Bourgeois Jacques · Nationalrat · 2021-12-06
Bourgeois Jacques · Nationalrat · Freiburg · FDP-Liberale Fraktion · 2021-12-06
Wortprotokoll
La Commission de l'environnement, de l'aménagement du territoire et de l'énergie de notre conseil s'est réunie, tout à l'heure, pour débattre des deux divergences que nous avons encore avec le Conseil des Etats en ce qui concerne la prolongation de l'objectif de réduction de la loi sur le CO2.
La première divergence concerne l'article 49b, "Disposition transitoire pour la prolongation des conventions d'objectifs". Cet article avait été ajouté sur la base d'une proposition individuelle de notre collègue Fabio Regazzi.

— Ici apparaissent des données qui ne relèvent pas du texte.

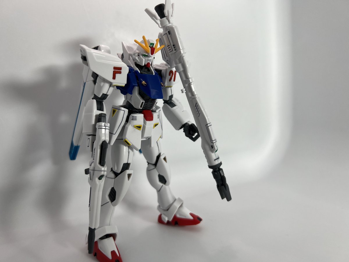 ビームライフル、ビームランチャーを持たせるとこんな感じ。ビームランチャーの全長結構長いよな。 #F91 #ガンダムF91 #ガンプラ好きな人と繋がりたい #ガンプラの画像を貼るとRTされると聞いて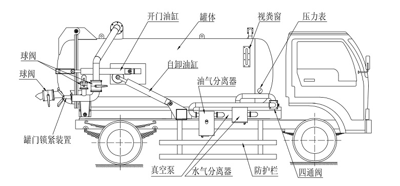上裝配置:專用部分由取力器、傳動軸、真空吸污泵、壓力罐體、液壓部分,管網(wǎng)系統(tǒng)、真空壓力表、視糞窗、洗手裝置等組成,隨車配置大功率真空吸污泵和優(yōu)質(zhì)液壓系統(tǒng),罐體封頭一次壓鑄成型、罐體可后開、雙頂自卸。罐內(nèi)污物可通過后蓋直接傾倒,具有真空度高(比吸糞車的吸力更大)、噸位大、效率高、用途更廣泛等特點。油水分離器,水氣分離器,液壓自卸裝置,專用真空吸污泵,容積壓力表,吸物導管,自流閥,真空罐體,連通器(視糞窗),全自動防溢閥,液壓套件。采用吸污專用泵,吸力大,吸程遠,特別適合用于市政環(huán)衛(wèi),廠區(qū),礦山,小區(qū)等下水道內(nèi)的淤積物的抽吸、裝運和排卸,尤其是可吸下水道泥漿、淤泥、石子、磚塊等較大物體、含水量較小等物質(zhì)。抽滿污(糞)罐體時間:≤5min,吸程:≥10m。自吸自排,壽命長,工作速度快,運輸方便。吸污車與吸糞車具有相同原理,但吸污車又與吸糞車有著不同用途。區(qū)別就在于吸污車罐體為圓形罐,結(jié)構(gòu)更緊密,可以耐更高壓力提供更大的吸力,可用于收集清理運輸污水,污泥。

Le Conseil des Etats propose, à l'unanimité, de biffer cet article, car il est contraire, selon lui, au principe des règles du marché public des appels d'offres. D'un autre côté, aussi, la discussion au sein du Conseil national a démontré que la mention "de manière inchangée" pose aussi des problèmes dans cet article, qui stipule que la mise en oeuvre des conventions d'objectifs est prolongée de manière inchangée. En effet, les paramètres ont changé depuis l'ajout de cet article. Par exemple, le système d'approbation a depuis lors changé au niveau des conseillers. En outre, les coûts ne seraient plus les mêmes si on prolongeait ces conventions d'objectifs. Donc, on doit revoir cette situation. C'est la raison pour laquelle la Confédération, consciente qu'il est important de donner une sécurité à l'économie et de pouvoir prolonger ces conventions d'objectifs, est en train de discuter avec les deux organisations concernées - à savoir l'Agence de l'énergie pour l'économie et l'Agence Cleantech Suisse - d'un contrat pour prolonger ces conventions d'objectifs. A l'unanimité, la CEATE-N propose à notre conseil de se rallier à la décision du Conseil des Etats de biffer l'article 49b.

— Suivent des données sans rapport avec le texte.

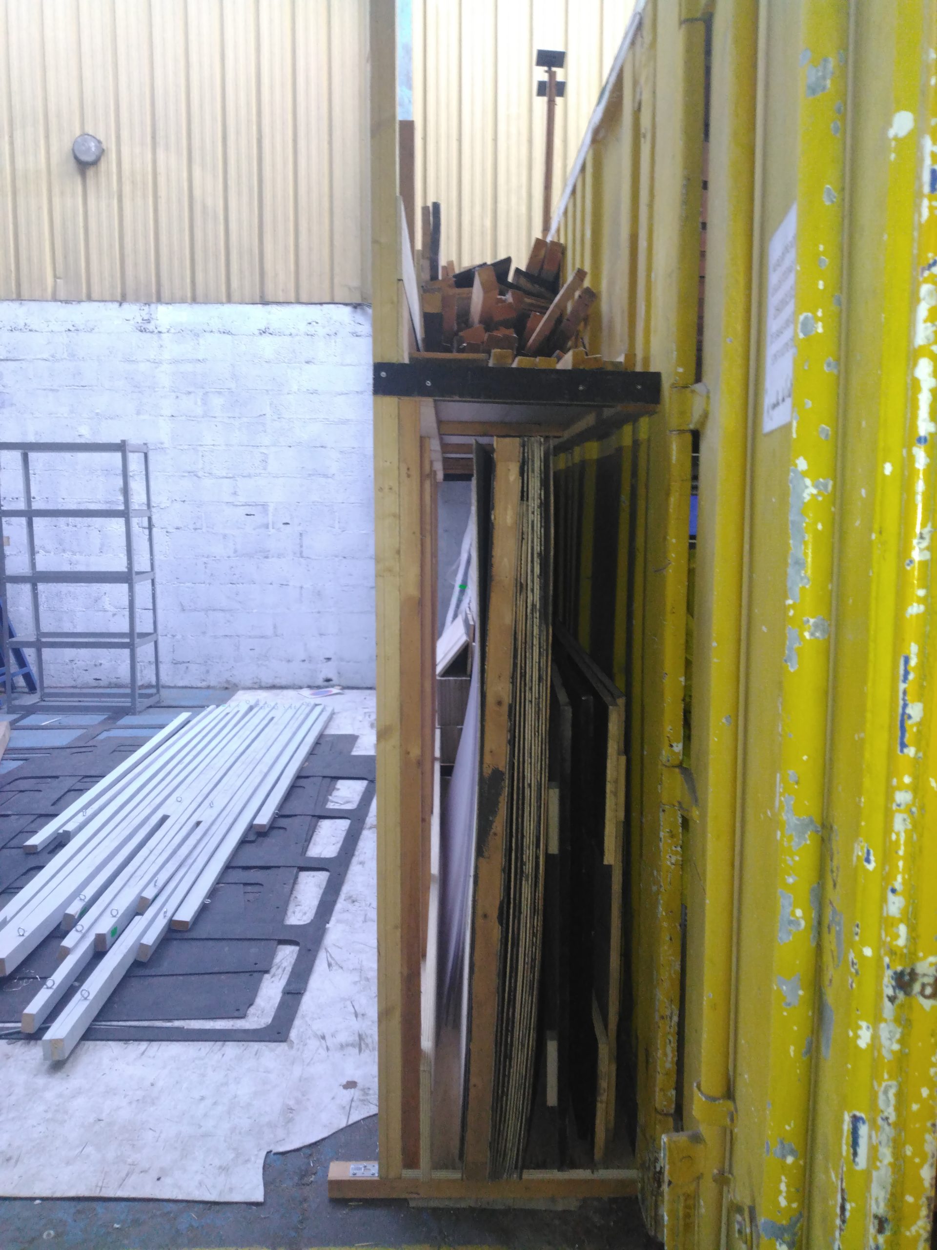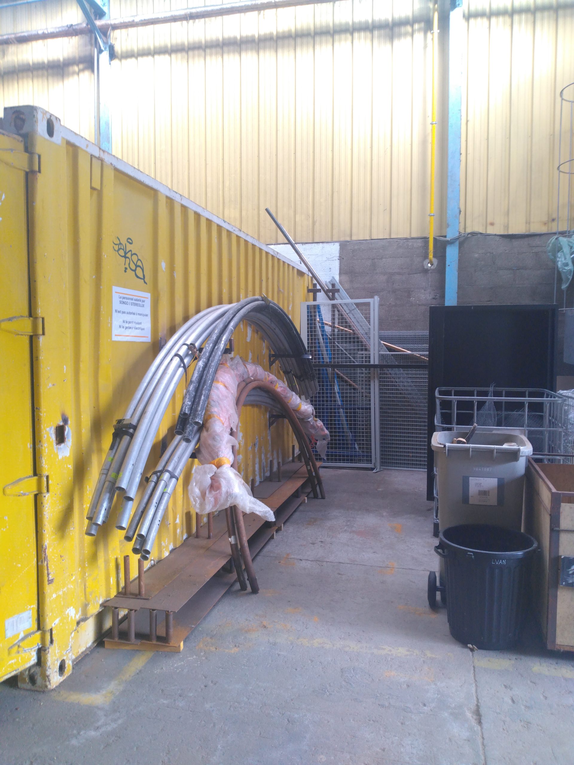 Le premier container a été transformé en salle d’archivage, intégrant des solutions de protection pour documents et matériaux sensibles. Le second a été conçu comme espace de stockage dédié aux décors, éléments de scénographie et accessoires. Les interventions ont porté sur l’adaptation des structures métalliques existantes par des découpes contrôlées, des renforts localisés, une ventilation efficace et une isolation partielle ciblée. Des rayonnages en acier galvanisé réglables ont été installés afin d’optimiser les volumes et d’assurer une modularité d’usage. Un éclairage LED basse consommation garantit confort et sécurité dans un environnement initialement non prévu pour l’exploitation humaine.

La deuxième divergence a trait à l'allègement fiscal au niveau des biocarburants, du gaz naturel et du gaz liquide. Pour mémoire, en 2019, le Parlement a prolongé l'exemption de l'impôt sur les huiles minérales, les biocarburants, le gaz naturel et le gaz liquide, suite à l'initiative 17.405 déposée par notre collègue Thierry Burkart.
N'oublions pas que l'exemption accordée aux biocarburants, qui contribuent clairement à diminuer nos émissions de gaz à effet de serre à raison d'environ 0,6 million de tonnes par année, est une mesure qui a aussi un coût, car on doit garantir la neutralité des recettes de la Confédération. L'initiative parlementaire Burkart prévoyait déjà une augmentation d'environ 3,7 centimes par litre d'essence jusqu'au 31 décembre 2028. Comme la proposition du Conseil des Etats demande la prolongation de l'initiative parlementaire Burkart dont les mesures arriveront à échéance à la fin de 2023, il est donc pertinent d'inclure dans la modification prévue une date d'échéance de tous les instruments pour la fin de 2024. Cela nous permettra ensuite, dans la nouvelle mouture de la loi sur le CO2, de revoir l'ensemble des instruments à disposition de manière homogène.
Ainsi, la majorité de la commission vous recommande de vous rallier, sur ce point également, à la position du Conseil des Etats.